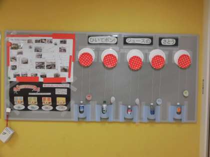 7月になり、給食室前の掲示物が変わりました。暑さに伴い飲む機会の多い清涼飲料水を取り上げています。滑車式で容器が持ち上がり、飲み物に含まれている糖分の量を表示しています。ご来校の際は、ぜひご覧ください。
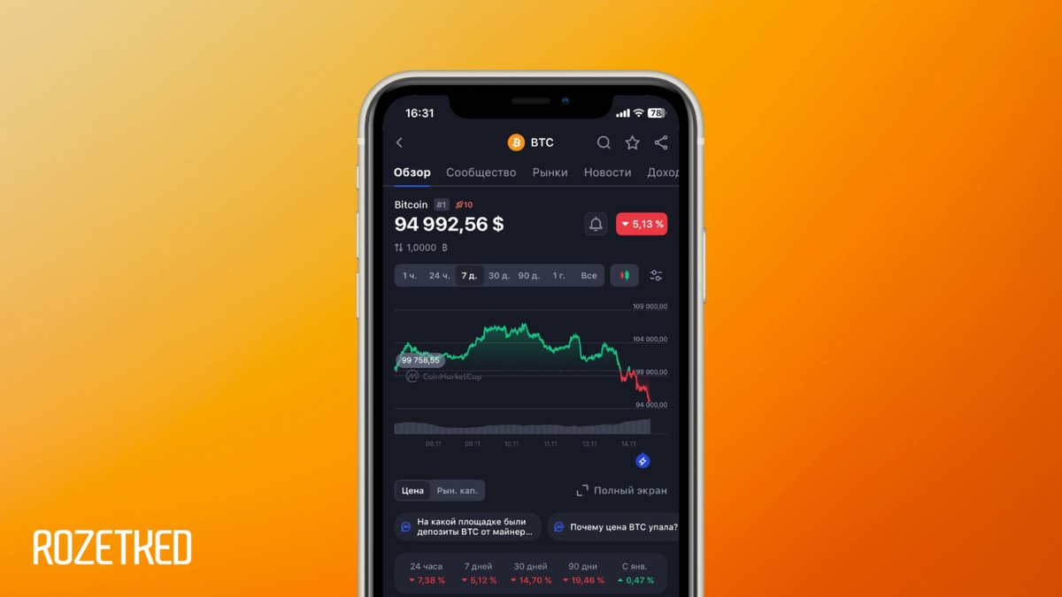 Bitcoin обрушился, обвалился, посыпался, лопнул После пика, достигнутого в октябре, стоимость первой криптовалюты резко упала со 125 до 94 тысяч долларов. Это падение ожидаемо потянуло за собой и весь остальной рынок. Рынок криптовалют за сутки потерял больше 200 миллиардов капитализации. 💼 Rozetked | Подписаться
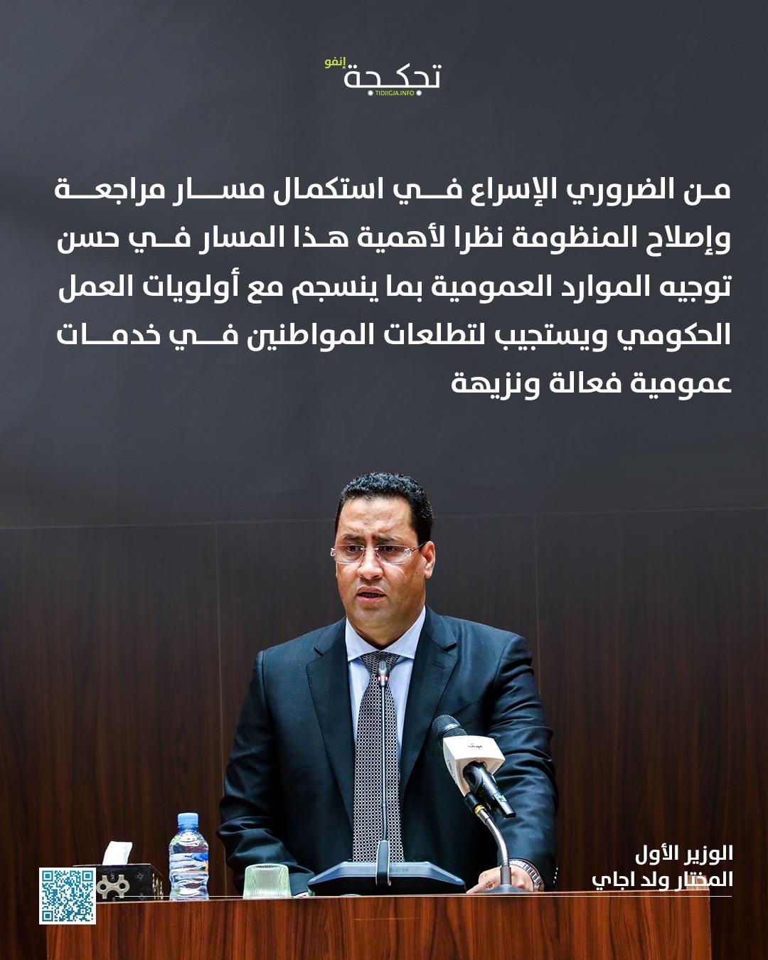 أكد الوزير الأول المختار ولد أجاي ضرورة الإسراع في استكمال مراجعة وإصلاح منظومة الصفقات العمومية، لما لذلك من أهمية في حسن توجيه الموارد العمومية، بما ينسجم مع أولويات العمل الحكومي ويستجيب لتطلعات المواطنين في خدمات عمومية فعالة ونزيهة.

**YOUR ASSIGNMENT:** Set down exactly, line for line, the data from the line that contains "Bitcoin обрушился, обвалился, посыпался, лопнул" through its last line, keeping pictures out.

**RESULT:**
 Bitcoin обрушился, обвалился, посыпался, лопнул После пика, достигнутого в октябре, стоимость первой криптовалюты резко упала со 125 до 94 тысяч долларов. Это падение ожидаемо потянуло за собой и весь остальной рынок. Рынок криптовалют за сутки потерял больше 200 миллиардов капитализации. 💼 Rozetked | Подписаться
 أكد الوزير الأول المختار ولد أجاي ضرورة الإسراع في استكمال مراجعة وإصلاح منظومة الصفقات العمومية، لما لذلك من أهمية في حسن توجيه الموارد العمومية، بما ينسجم مع أولويات العمل الحكومي ويستجيب لتطلعات المواطنين في خدمات عمومية فعالة ونزيهة.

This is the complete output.